Following are things I’ve tried (not necessarily in order) which has not changed this behaviour:

  • replaced commit=true with discard=true
  • Confirmed docker plugin is at latest 1.0.8
  • Updated packer 1.8.4 → 1.8.6
  • Updated docker 20.10.8 → 20.10.24
  • overriding the default run_command variously to inject tini --init or to use bash instead of sh
  • trying to force explicit exit of the sh in execute_command both with and without --init injected.

I have also tried execing into the running build container at the BUILD DONE point, and here the behaviour seems quite interesting: the sh still appears to be running? Unfortunately this image does not contain ps, nor any package manager, nor curl, so resorted to /proc/<pid> to poke around. When not injecting --init, killing the sh on pid 1 did not seem to cause the container to exit in a guaranteed fashion, however when injecting --init and killing sh (which seems to land on pid 7), the container does exit. In either case this doesn’t seem to have any impact, packer just remains stuck at that point.

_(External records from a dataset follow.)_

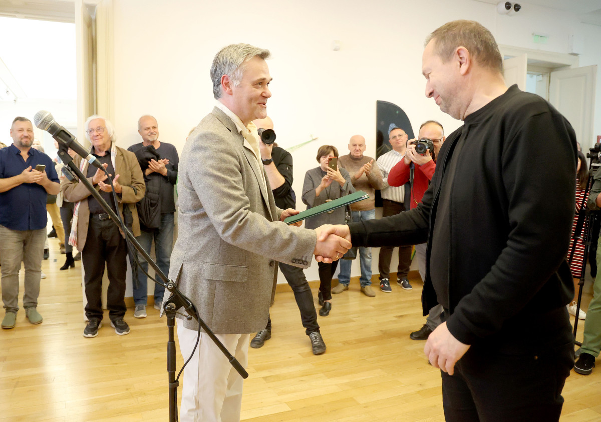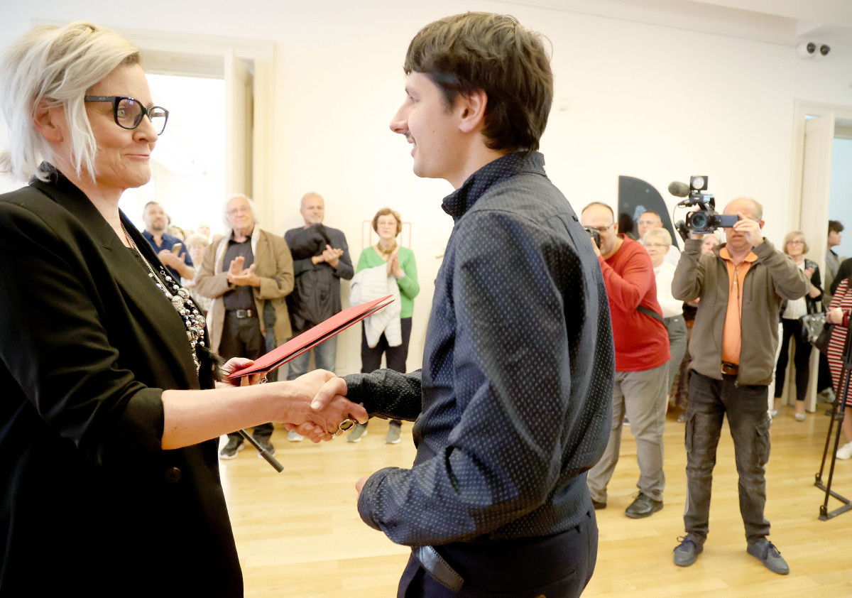 Botos Péter üvegszobrász kapta Kockák fekete hasábbal című alkotásáért a 43. Szegedi Nyári Tárlat fődíját, a Kulturális és Innovációs Minisztérium elismerését, amelyet szombaton adtak át a kiállítás megnyitóján a Reök-palotában.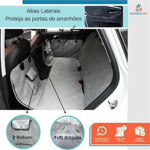 - Impermeável; - Lavável na máquina de lavar; - Alça ajustável; - Abas laterais para mais proteção; - Tamanho universal para todos os tipos de carros; - Aconchegante e confortável; - Abertura com 2 entradas para o cinto de segurança; - Fechamento com zíper; - 2 Bolsos.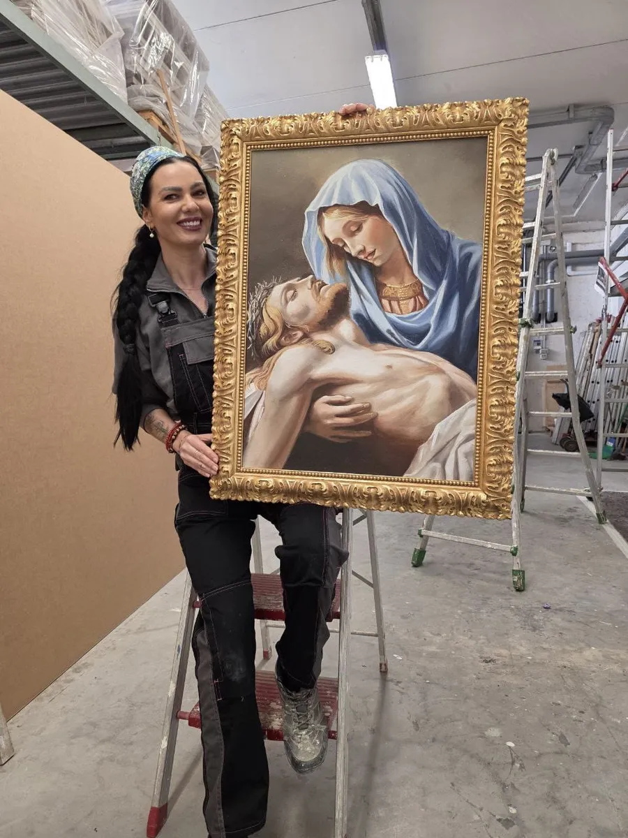 Dumnezeu mi-a ajutat și am reușit să-mi deschid al meu atelier în Padova care se numește BOTTEGA D’ARTE ANA MARIA. Am foarte comenzi și cele mai multe sunt comandate de pe TikTok. Foarte multe icoane am pictat dar și portrete. Am trimis tablouri și lui Florin Cercel, Paula Hriscu și multe alte vedete. Au fost portrete pe care le-am trimis cadou. Am trimis două icoane și la biserica din satul meu natal. Cea mai mare lucrare care a fost până acum este Cina Cea de Taină și va fi gata săptămâna viitoare, are dimensiunea 5m/3m și costă 8000 de euro. Un tablou pictat în frescă, cu dimensiunea de 1m/1m este vândut la 1200 €, iar cel în acrilic sau ulei cu această dimensiune este vândut la 900 €, a mai adăugat talentata artistă.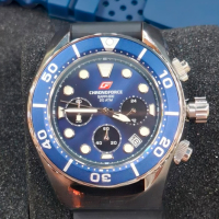 Корпус: Корпус выполнен из нержавеющей стали AISI 304, что придает часам особую прочность и стойкость от повреждений. Циферблат синий, который дополняет однонаправленный вращающийся безель. Контрастные метки и стрелки покрыты люминесцентным покрытием для лучшей видимости в темноте. Закаленное минеральное стекло Hardlex разработанное компанией Seiko Watch Corporation, которое обладает высокой устойчивостью к ударам и царапинам. Диаметр 45 мм. Водозащита 20 бар (200 метров).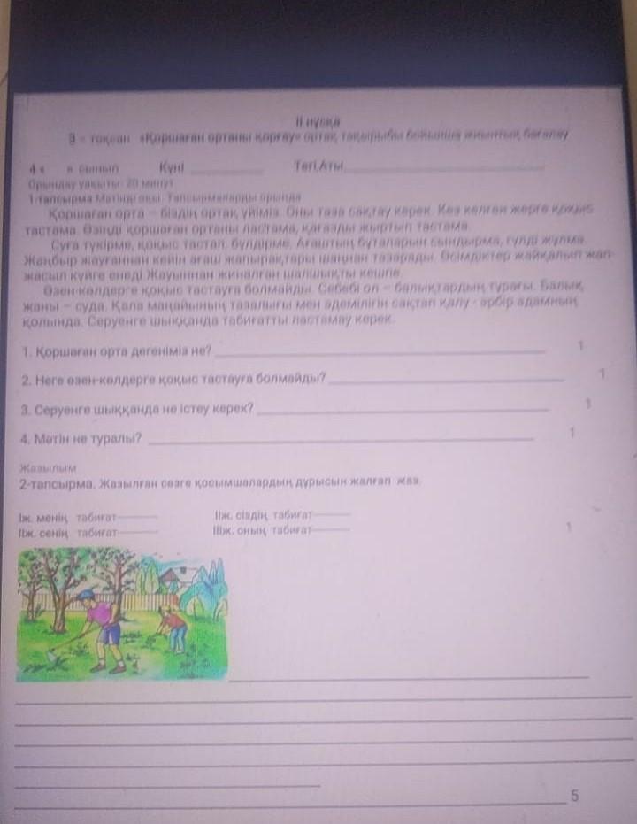 Қоршаған орта – біздің ортақ үйіміз. Оны таза сақтау керек. Кез келген жерге қоқыс тастама. Өзіңді қоршаған ортаны ластама, қағазды жыртып тастама. Суға түкірме, қоқыс тастап, бүлдірме. Ағаштың буталарын сындырма, гүлді жұлма,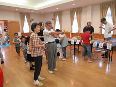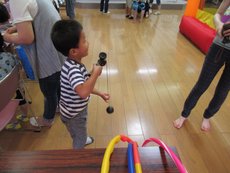 『けん玉』、『フラフープ』、『ダルマ落とし』の昔のおもちゃにチャレンジ。ちびっ子たちには新鮮だったようです!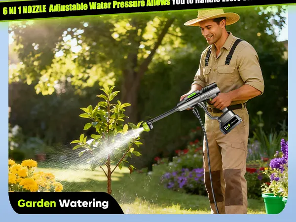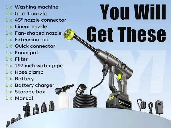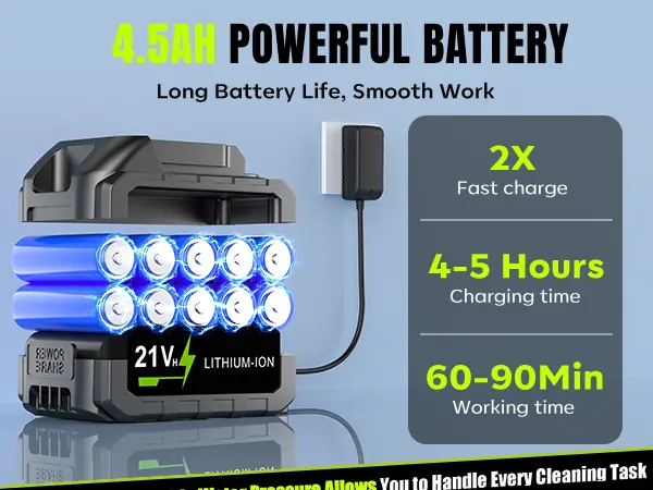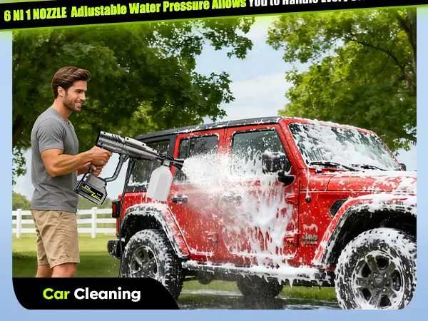 SEESE Portable 21V Cordless Pressure Washer Compact Power Washer for Car Patio & Garden Cleaning with Accessories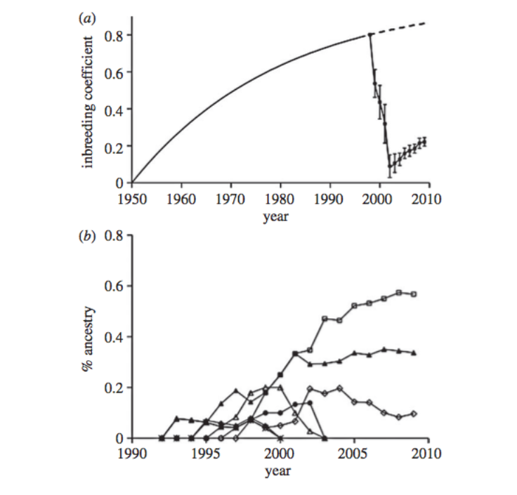 - Est-il possible de réduire la consanguinité et de restaurer la diversité génétique dans de petites populations menacées via l'hybridation ? Et si oui, dans quelles mesures ?

The release notes for KC21.0.0 mention a number of changes to the images: primarily moving from UBI8-minimal to UBI9-micro as a base, and removing curl and a variety of other cli commands.

Looking at the preceding versions, building from KC20.0.5 has the exact same issue, but its release notes mention no image-related changes, only code bug fixes. 20.0.4 doesn’t exist and 20.0.3 builds fine.

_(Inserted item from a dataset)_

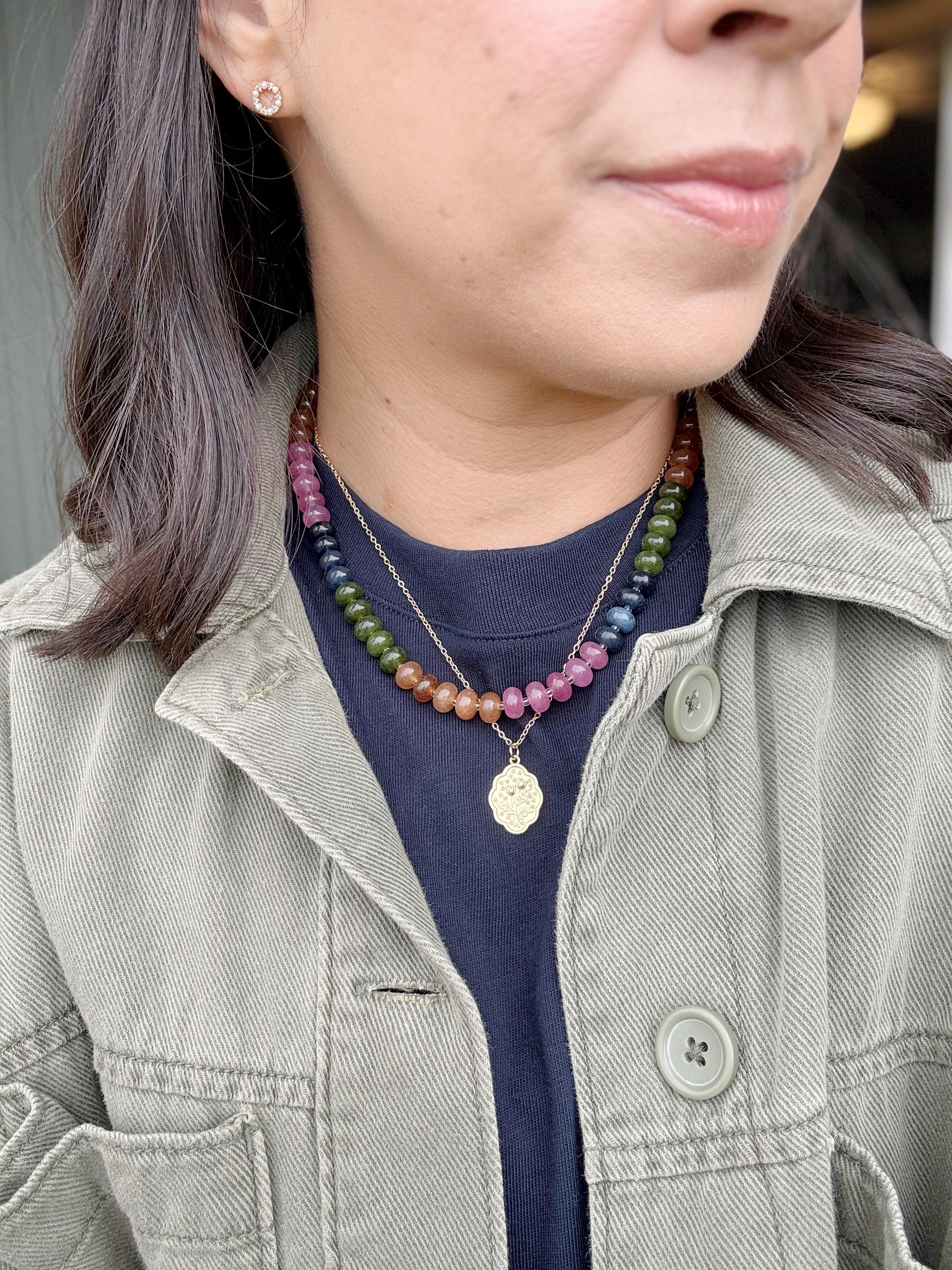 A gemstone bead necklace. Uniquely crafted with colored jade rondelle beads and your choice of hardware color and spacer bead (see photo for options).

Wondering if this behaviour happens to be familiar to anyone? Any suggestions gratefully received.

I’d forgotten I can run with PACKER_LOG=1 and this does reveal some useful info: The “BUILD DONE” log is followed immediately by:

2023/04/05 16:09:08 packer-plugin-docker_v1.0.8_x5.0_darwin_amd64 plugin: 2023/04/05 16:09:08 [INFO] RPC endpoint: Communicator ended with: 0
2023/04/05 16:09:08 [INFO] 4232 bytes written for 'stdout'
2023/04/05 16:09:08 [INFO] 0 bytes written for 'stderr'
2023/04/05 16:09:08 [INFO] RPC client: Communicator ended with: 0
2023/04/05 16:09:08 [INFO] RPC endpoint: Communicator ended with: 0
2023/04/05 16:09:08 packer-provisioner-shell plugin: [INFO] 4232 bytes written for 'stdout'
2023/04/05 16:09:08 packer-provisioner-shell plugin: [INFO] 0 bytes written for 'stderr'
2023/04/05 16:09:08 packer-provisioner-shell plugin: [INFO] RPC client: Communicator ended with: 0
2023/04/05 16:09:08 packer-plugin-docker_v1.0.8_x5.0_darwin_amd64 plugin: 2023/04/05 16:09:08 Executing docker exec -i c57236bb9e4e7dd7a4300120813bc5d959a00d765107010a46ba7a846d9a732e /bin/sh -c (rm -f /tmp/script_429.sh):
2023/04/05 16:09:09 packer-plugin-docker_v1.0.8_x5.0_darwin_amd64 plugin: 2023/04/05 16:09:09 [INFO] RPC endpoint: Communicator ended with: 1
2023/04/05 16:09:09 [INFO] RPC client: Communicator ended with: 1
2023/04/05 16:09:09 [INFO] RPC endpoint: Communicator ended with: 1
2023/04/05 16:09:09 packer-provisioner-shell plugin: [INFO] RPC client: Communicator ended with: 1
2023/04/05 16:09:09 packer-provisioner-shell plugin: Retryable error: Error removing temporary script at /tmp/script_429.sh!
2023/04/05 16:09:11 packer-plugin-docker_v1.0.8_x5.0_darwin_amd64 plugin: 2023/04/05 16:09:11 Executing docker exec -i c57236bb9e4e7dd7a4300120813bc5d959a00d765107010a46ba7a846d9a732e /bin/sh -c (rm -f /tmp/script_429.sh):
2023/04/05 16:09:11 packer-plugin-docker_v1.0.8_x5.0_darwin_amd64 plugin: 2023/04/05 16:09:11 [INFO] RPC endpoint: Communicator ended with: 1
2023/04/05 16:09:11 [INFO] RPC client: Communicator ended with: 1
2023/04/05 16:09:11 [INFO] RPC endpoint: Communicator ended with: 1
2023/04/05 16:09:11 packer-provisioner-shell plugin: [INFO] RPC client: Communicator ended with: 1
2023/04/05 16:09:11 packer-provisioner-shell plugin: Retryable error: Error removing temporary script at /tmp/script_429.sh!

(after which it’s just continually retrying that script removal until it times out after about 5 min)

So the hang is actually caused by an apparent permission issue in removing a temp script (which is a variation of the issue leading me to avoid inline in the first place).

Solution appears to be simply adding fix_upload_owner = true for in the source "docker" stanza. The docs for the docker plugin seem to indicate this is the default, but that appears is not necessarily the case.